━━ Records to process ━━

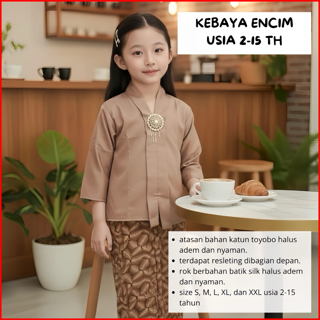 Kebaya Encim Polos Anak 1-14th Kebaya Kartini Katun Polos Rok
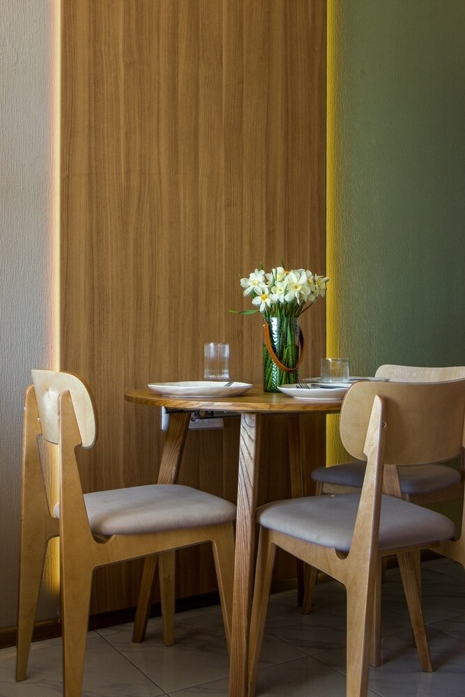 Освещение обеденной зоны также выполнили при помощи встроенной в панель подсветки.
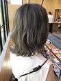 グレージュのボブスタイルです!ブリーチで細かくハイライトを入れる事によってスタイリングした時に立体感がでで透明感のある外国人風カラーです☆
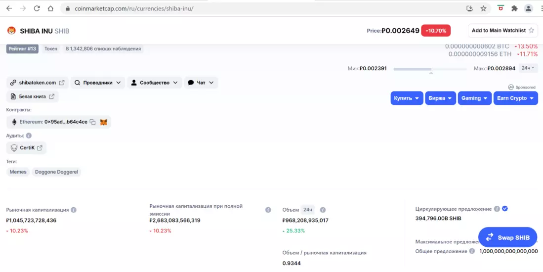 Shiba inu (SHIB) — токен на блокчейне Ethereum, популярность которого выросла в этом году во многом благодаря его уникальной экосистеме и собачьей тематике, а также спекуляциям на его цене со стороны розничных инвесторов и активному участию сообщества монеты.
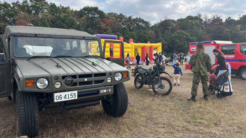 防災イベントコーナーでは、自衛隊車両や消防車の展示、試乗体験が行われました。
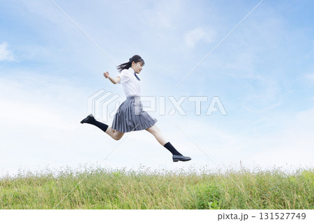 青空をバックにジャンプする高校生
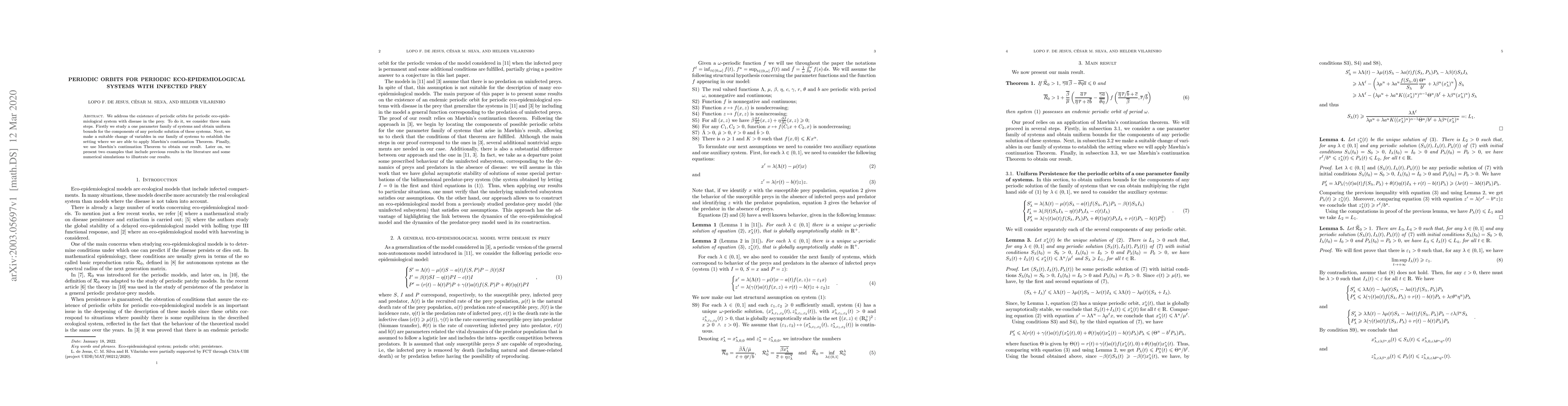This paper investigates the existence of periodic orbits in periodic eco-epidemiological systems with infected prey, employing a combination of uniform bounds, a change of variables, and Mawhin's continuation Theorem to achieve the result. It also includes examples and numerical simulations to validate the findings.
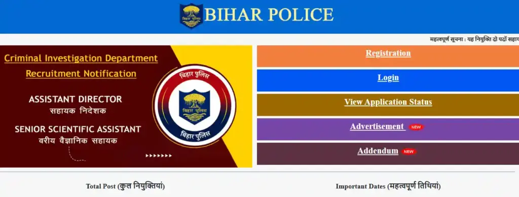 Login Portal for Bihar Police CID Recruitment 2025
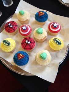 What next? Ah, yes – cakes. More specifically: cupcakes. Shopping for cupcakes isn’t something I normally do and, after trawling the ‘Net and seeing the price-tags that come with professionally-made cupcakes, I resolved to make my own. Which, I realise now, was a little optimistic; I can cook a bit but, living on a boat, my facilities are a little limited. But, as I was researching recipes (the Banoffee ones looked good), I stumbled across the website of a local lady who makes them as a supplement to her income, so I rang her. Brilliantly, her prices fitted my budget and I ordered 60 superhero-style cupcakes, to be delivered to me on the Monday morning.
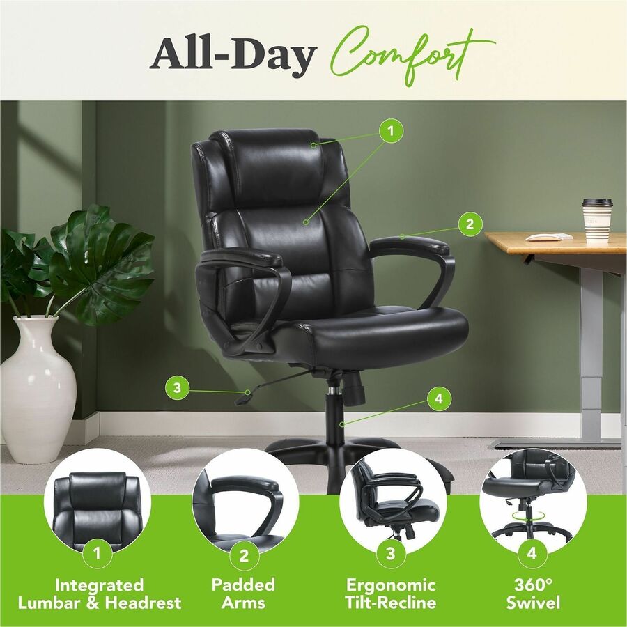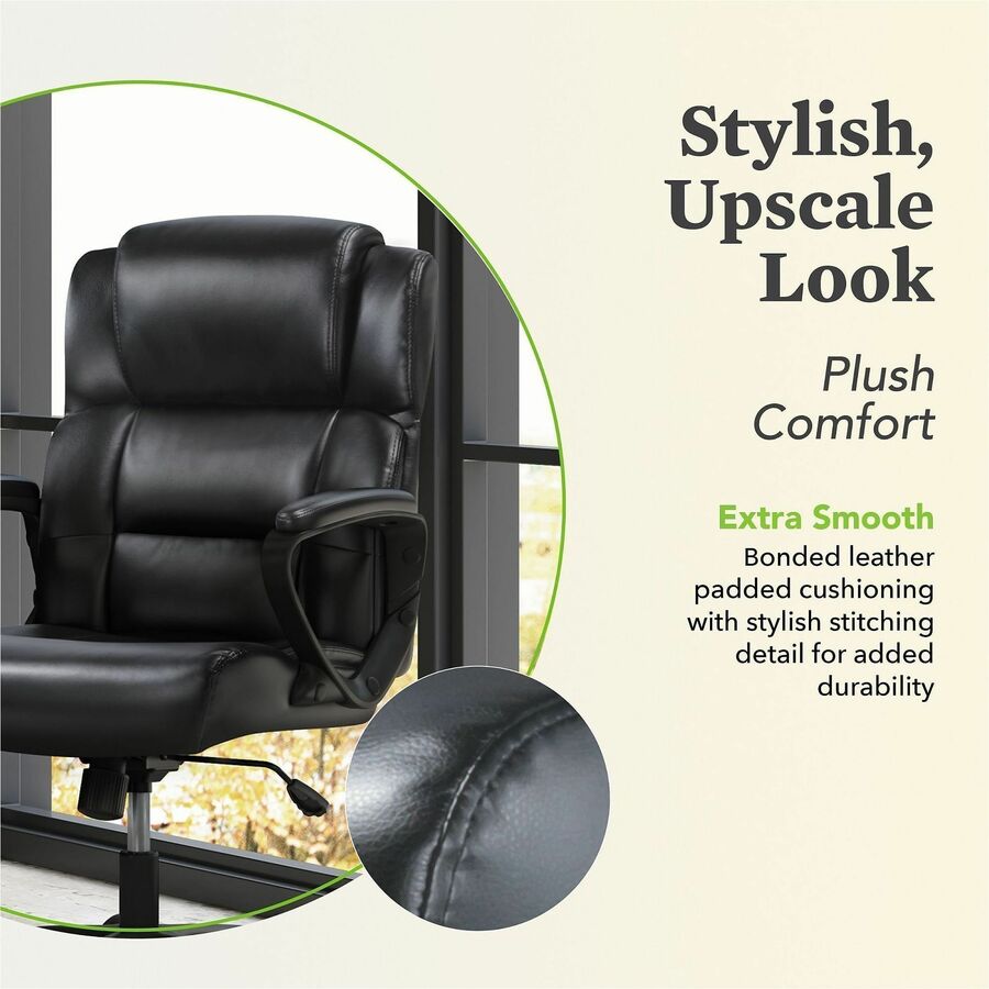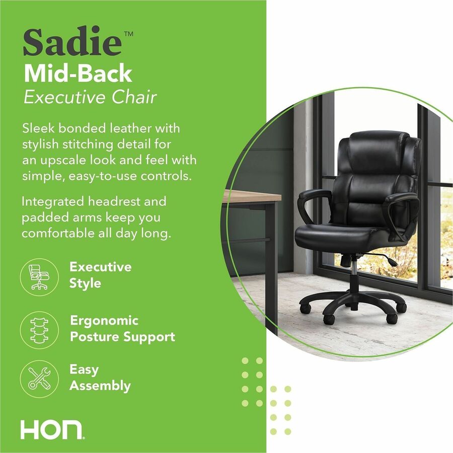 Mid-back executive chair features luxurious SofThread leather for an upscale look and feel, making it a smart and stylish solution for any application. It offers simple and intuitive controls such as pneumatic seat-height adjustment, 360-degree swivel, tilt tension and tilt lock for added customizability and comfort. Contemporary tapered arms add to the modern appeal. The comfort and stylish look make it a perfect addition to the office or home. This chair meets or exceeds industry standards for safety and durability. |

━━━

▶ _What is being asked_:
Write out, word for word, the lines from the first line of the entries through the one containing "This paper investigates", both included. Leave out the pictures.

▶ _Answer box_:
 Kebaya Encim Polos Anak 1-14th Kebaya Kartini Katun Polos Rok
 Освещение обеденной зоны также выполнили при помощи встроенной в панель подсветки.
 グレージュのボブスタイルです!ブリーチで細かくハイライトを入れる事によってスタイリングした時に立体感がでで透明感のある外国人風カラーです☆
 Shiba inu (SHIB) — токен на блокчейне Ethereum, популярность которого выросла в этом году во многом благодаря его уникальной экосистеме и собачьей тематике, а также спекуляциям на его цене со стороны розничных инвесторов и активному участию сообщества монеты.
 防災イベントコーナーでは、自衛隊車両や消防車の展示、試乗体験が行われました。
 青空をバックにジャンプする高校生
This paper investigates the existence of periodic orbits in periodic eco-epidemiological systems with infected prey, employing a combination of uniform bounds, a change of variables, and Mawhin's continuation Theorem to achieve the result. It also includes examples and numerical simulations to validate the findings.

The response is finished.